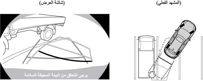 لا تستخدم شاشة الرؤية الخلفية في الأحوال التالية: استخدام شاشة الرؤية الخلفية في الأحوال التالية خطير وقد يؤدي إلى حدوث إصابات أو تلف السيارة أو كلاهما.
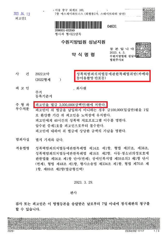 이러한 저의 조력을 바탕으로 A씨는 불특정 다수의 여성들을 대상으로 범행을 저질렀음에도 불구하고 약식명령으로 벌금형을 선고받음으로써 재판까지 나아가지 않고 사건을 최대한 가볍게 마무리할 수 있었습니다.
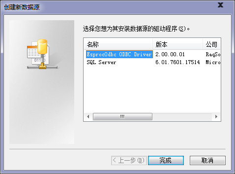 驱动程序安装成功后,可以添加对应的ODBC数据源,选择EsprocOdbc ODBC Driver,准备连接集算器ODBC服务作为数据源使用:
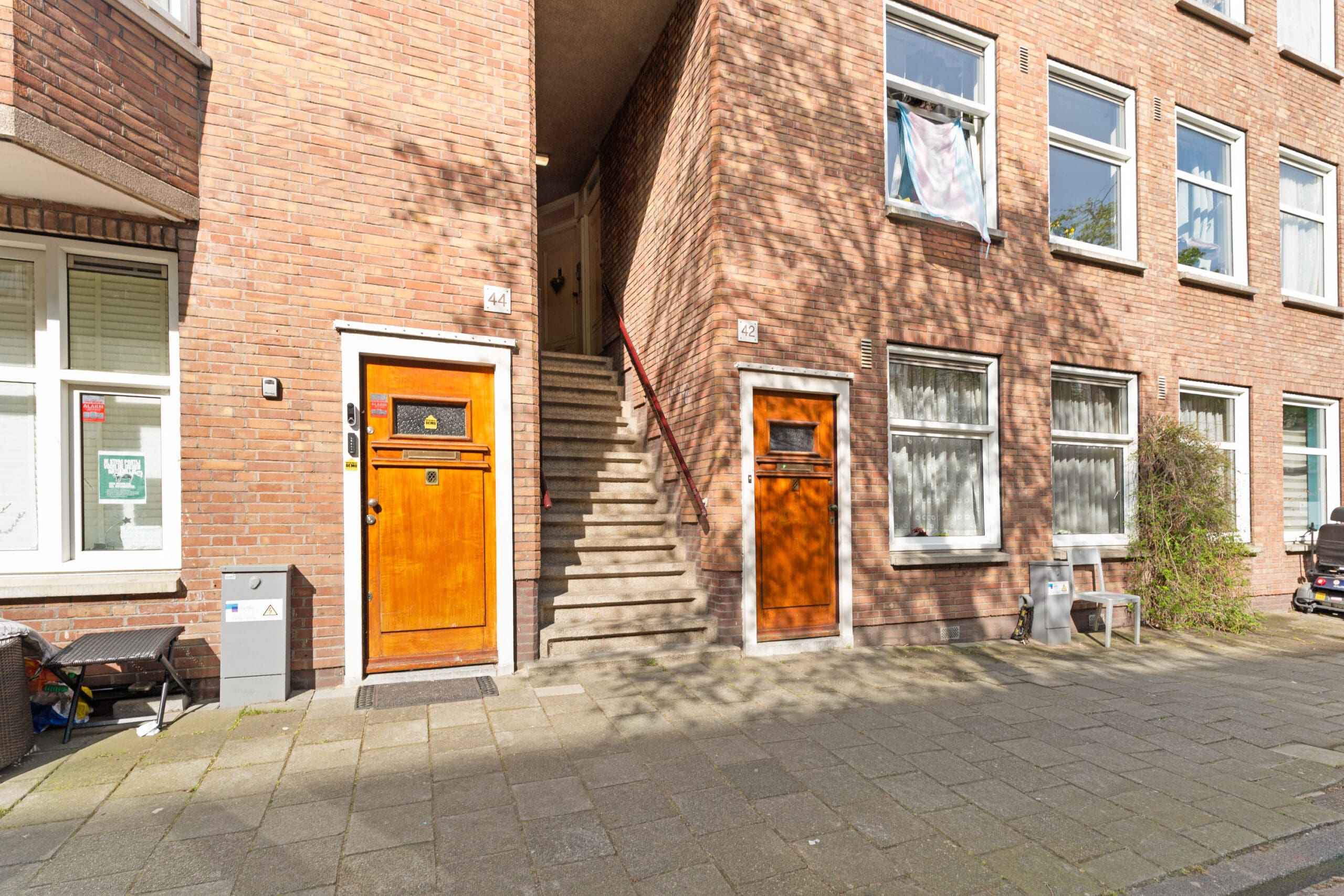 Via het portiek met trap bereik je het ruime en verzorgde trappenhuis, dat toegang geeft tot de woning op de tweede verdieping.
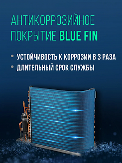 Особенности кондиционера: Авторестарт, Защита от замерзания, Пульт ДУ, Регулировка направления воздушного потока, Таймер включения, Таймер выключения, Wi-Fi модуль, Антикоррозийное покрытие, Скрытый дисплей, Диагностика неисправностей
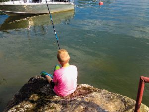 - Tehkää yhdessä ennalta kalareissun pelisäännöt vaikka jääkaapin oveen: pelastusliivit aina veneessä, miten pitää käyttäytyä veneessä, laiturilla, rannassa, vapakädessä, jne., jotta turvallisuusasiat tulevat käsiteltyä ja lapsi oppii ne. Tämä on kivaa yhteispuuhaa, johon vanhemmatkin lapset mielellään osallistuvat kertoen omia oppejaan.

● ● ● ●

ASSIGNMENT. Provide the listing above once more, exactly, with the pictures removed.

RESULT OF THIS TASK.
 لا تستخدم شاشة الرؤية الخلفية في الأحوال التالية: استخدام شاشة الرؤية الخلفية في الأحوال التالية خطير وقد يؤدي إلى حدوث إصابات أو تلف السيارة أو كلاهما.
 이러한 저의 조력을 바탕으로 A씨는 불특정 다수의 여성들을 대상으로 범행을 저질렀음에도 불구하고 약식명령으로 벌금형을 선고받음으로써 재판까지 나아가지 않고 사건을 최대한 가볍게 마무리할 수 있었습니다.
 驱动程序安装成功后,可以添加对应的ODBC数据源,选择EsprocOdbc ODBC Driver,准备连接集算器ODBC服务作为数据源使用:
 Via het portiek met trap bereik je het ruime en verzorgde trappenhuis, dat toegang geeft tot de woning op de tweede verdieping.
 Особенности кондиционера: Авторестарт, Защита от замерзания, Пульт ДУ, Регулировка направления воздушного потока, Таймер включения, Таймер выключения, Wi-Fi модуль, Антикоррозийное покрытие, Скрытый дисплей, Диагностика неисправностей
 - Tehkää yhdessä ennalta kalareissun pelisäännöt vaikka jääkaapin oveen: pelastusliivit aina veneessä, miten pitää käyttäytyä veneessä, laiturilla, rannassa, vapakädessä, jne., jotta turvallisuusasiat tulevat käsiteltyä ja lapsi oppii ne. Tämä on kivaa yhteispuuhaa, johon vanhemmatkin lapset mielellään osallistuvat kertoen omia oppejaan.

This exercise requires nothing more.